Figure 1. Quantitative side-by-side comparison of levels of homologous proteins at endocytic sites in budding and fission yeast.

Single frames from unprocessed (left panel) and processed (middle panel) movies for particle intensity quantification, and average maximum intensity of indicated proteins at endocytic sites (right panel). (A-G) Indicated endocytic protein homologues were tagged with GFP or mEGFP in budding yeast or fission yeast, respectively, at the endogenous loci. The maximum intensity for each tagged protein was determined from particle tracking data (see Figure 1—figure supplement 3 for details). mEGFP signal is 14% brighter than GFP (Coffman et al., 2011). The brightness difference was corrected throughout the data analysis. For most indicated proteins, at least 50 endocytic sites were examined. n.s. stands for ‘not significant’. Scale bars on the cell images are 2 µm.

Figure 1—figure supplement 1. Endocytic sites in budding and fission yeast: A brief summary of what has been reported previously.

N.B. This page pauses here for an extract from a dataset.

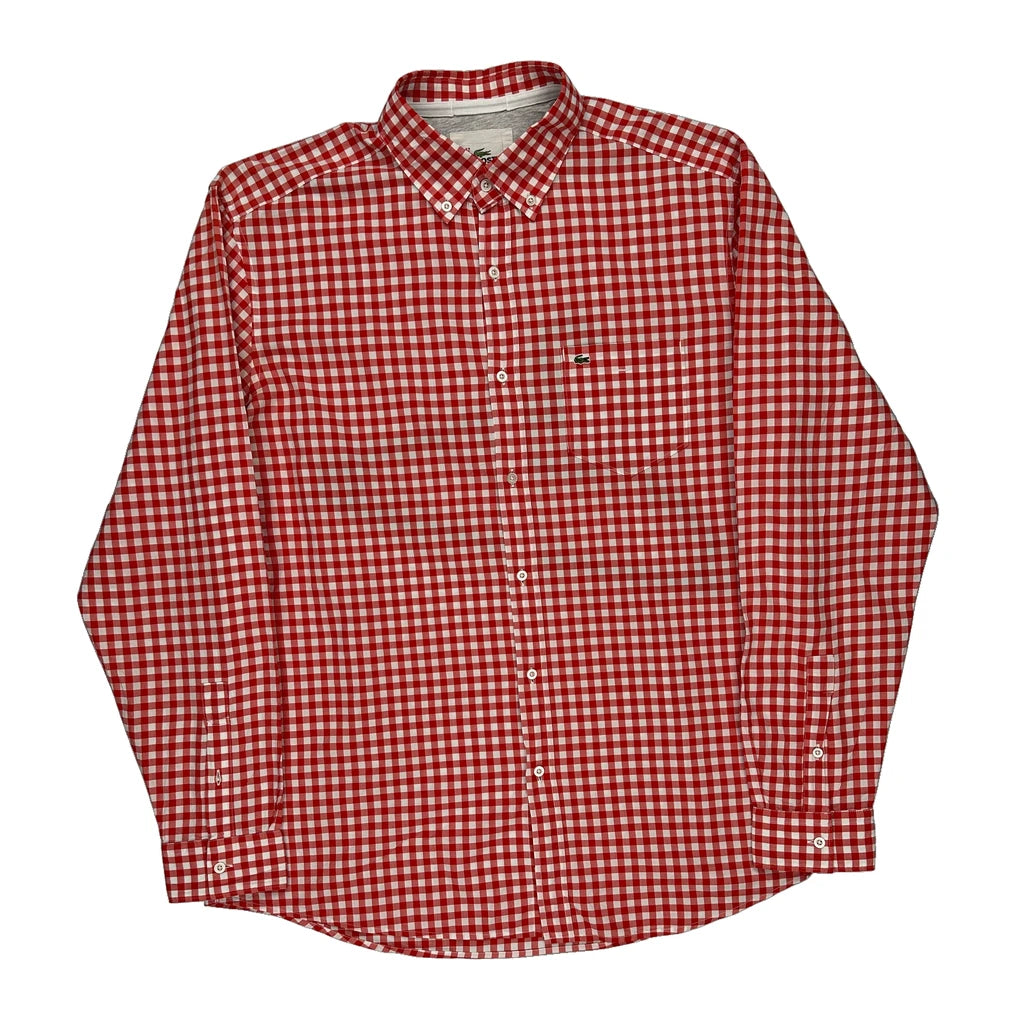 Lacoste Checked Shirt - Large Red Cotton

The endocytic actin machinery on invaginated membranes in budding (A) or fission (B) yeast. (A) In budding yeast, actin filaments are proposed to be nucleated near the base of the invagination. Continued polymerization driven by the nucleation promoting activity (NPF) of scMyo3/5 and scLas17 pushes the actin network toward cytoplasm (Sun et al., 2006). The endocytic membrane is coupled to the actin network by coat proteins such as Sla2 and is pulled inward with the actin network (Kaksonen et al., 2003; Sun et al., 2005). The membrane invagination is ~100 nm deep at the time of vesicle scission (Kukulski et al., 2012). Previously, HA-tagged Myo5 was observed not only at the base but also at the tip of endocytic membrane invaginations in chemically fixed budding yeast cells by immunoelectron microscopy (Idrissi et al., 2008; Idrissi et al., 2012). These results led to the proposal that two distinct endocytic actin networks exist in budding yeast. However, two independent live-cell imaging studies indicated that Myo5-GFP patches stay non-motile at the cell cortex during their lifetime (Galletta et al., 2008; Sun et al., 2006). Furthermore, super-resolution microscopy suggested that Myo5-GFP forms a Nano-template for actin nucleation at the membrane base (Mund et al., 2018). Together, these observations suggest that most if not all of the type I myosin is localized at the base of invaginated endocytic membranes. (B) In fission yeast, a two-zone model proposes that actin nucleation by spMyo1 and spWsp1generate two independent actin networks that push against each other and pull the tip of the invagination into the cytoplasm (Arasada and Pollard, 2011). The depth of the fission yeast membrane invagination is not clear. Note, some of the previously measured absolute molecular numbers of indicated protein homologues differ greatly between the two yeasts (Manenschijn et al., 2019; Picco et al., 2015; Sirotkin et al., 2010).

Figure 1—figure supplement 2. Quantitative comparison of fluorescently-tagged scSla1 in budding yeast cultured in different media.

(A) Budding yeast expressing Sla1-GFP were cultured in budding yeast (upper panel) or fission yeast (lower panel) media. The cells were then imaged by the Materials and methods commonly used for budding or fission yeast, respectively. The images were processed and analyzed using the Particle Tracker plugin in ImageJ software (see Materials and methods). To precisely compare the number of endocytic proteins at endocytic sites under these different growth conditions, local background correction by median filter subtraction (Picco and Kaksonen, 2017) was applied to the live cell images after general background subtraction and photobleaching correction. Red circles in right panels indicate the endocytic events automatically detected by the tracking program. The fluorescence intensities of all the detected events were measured and compared. Scale bars are 2 µm. (B) Lifetime of scSla1 patches in different media. (C) Radial kymograph of scSla1 patches in different media.

Figure 1—figure supplement 3. Live cell imaging data processing and analysis by Particle Tracker plugin.

(A) Single frame from movie processed for background subtraction and photobleaching correction (left panel). A median filter was used to compute the local background surrounding the endocytic patches (middle panel). The median filtered image was subtracted from the processed image, resulting in the image (right panel) for particle tracking. (B) Time series showing intensity and movement of a single endocytic event over its full lifetime using Particle Tracker. (C) The. csv file generated by particle tracking analysis. Scale bars are 2 µm.